Secondly, in the approach described in the Crass patent, the valve stem is drilled and tapped to receive coupling elements to which the load cell is connected to mount the load cell in position on the valve stem. Drilling and tapping of the valve stem weakens the stem. In addition, for valves that are already in place and which lack the tapped opening for receiving these coupling elements, as a practical matter one would have to remove the valve stem in order to drill and tap the stem to receive the load cell coupling components. In this case, the time-consuming and expensive disassembly of the valve would be required to permit these modifications of the valve stem. Also, assume the valve is being operated in an environment in which contaminants are passing through the valve. In such a case the removal of the valve stem is further complicated by the fact that the valve body is contaminated and must be carefully handled to prevent harm to the environment and to workers who have to modify the valve stem. Consequently, the Crass approach cannot easily be used in retrofitting existing valves with the components used to implement the illustrated Crass approach.

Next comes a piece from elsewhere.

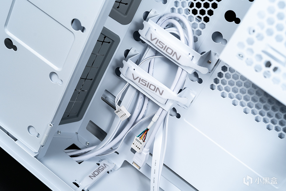 理線倉內除了有多條黏扣帶以及可以綁束線帶的架橋外,還隨附有3個雙層整線扣,可以沿着過線圈,安裝在任何地方。整線扣採C型設計,以類似SSD安裝的機制,電線夾的凹面部分可以固定來自PSU與正面IO的大型電纜,而電線夾上面的黏扣帶則是風扇纜線管理的理想位置。所有線材都可以隱藏在合頁轉軸上的纜線管理支架背面。纜線管理支架也可承載3個2.5吋的SSD,也可以安裝控制器或是ARGB集線器。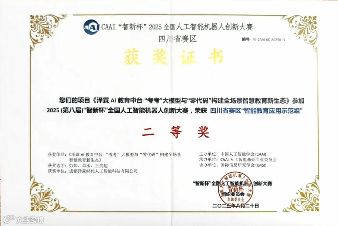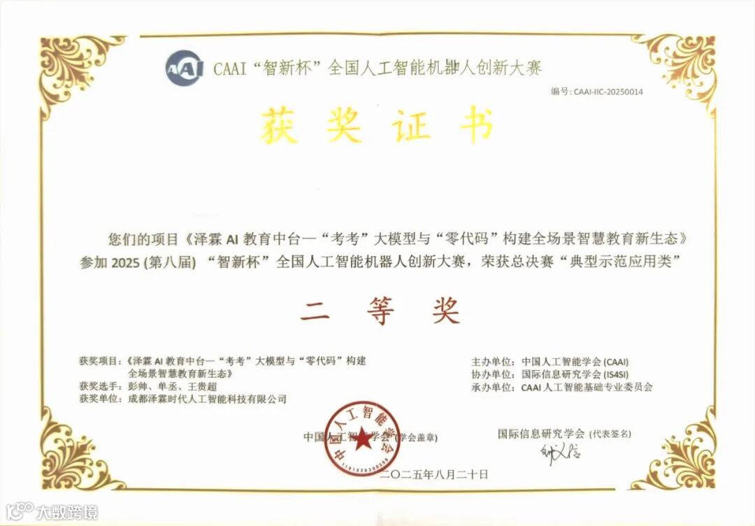 8月20日,由中国人工智能学会(CAAI)主办的第八届“智新杯”全国人工智能机器人创新大赛颁奖仪式在北京隆重举行。本届大赛以“智能创新·人机共融”为主题,聚焦人工智能前沿研究与机器人创新应用。成都泽霖时代人工智能科技有限公司参赛项目——《泽霖AI教育中台“考考”大模型与“零代码”构建全场景智慧教育新生态》,凭借其在智能教育领域的创新理念与技术实践,荣获四川省赛区“智能教育应用示范组”二等奖,并晋级全国总决赛,再获“典型示范应用类”全国二等奖,体现了公司在AI+教育融合应用方面的扎实能力与前瞻布局。

As another prior art approach, strain gauges have been mounted to valve stems and/or yokes of valves with the outputs of the strain gauges being read. The strain gauge outputs ar then used to calculate the thrust on the valve stem. This approach provides some indication of both dynamic and static valve performance characteristics. However, it has proven inaccurate. That is, to calculate the thrust on the valve stem, the Young's modulus for the stem material is required in the calculations. The Young's modulus varies with the exact material that is used for the stem and also with the characteristics of the batch of metal used in any specific valve. Consequently, computations of thrust are simply not dependable enough to provide an accurate indication of the actual thrust being applied to a valve stem.
Therefore, a need exists for a method of accurately determining the thrust on a valve stem during both static and dynamic conditions without requiring disassembly of a valve nor the use of error-prone mathematical computations to calculate the theoretical thrust on a valve stem.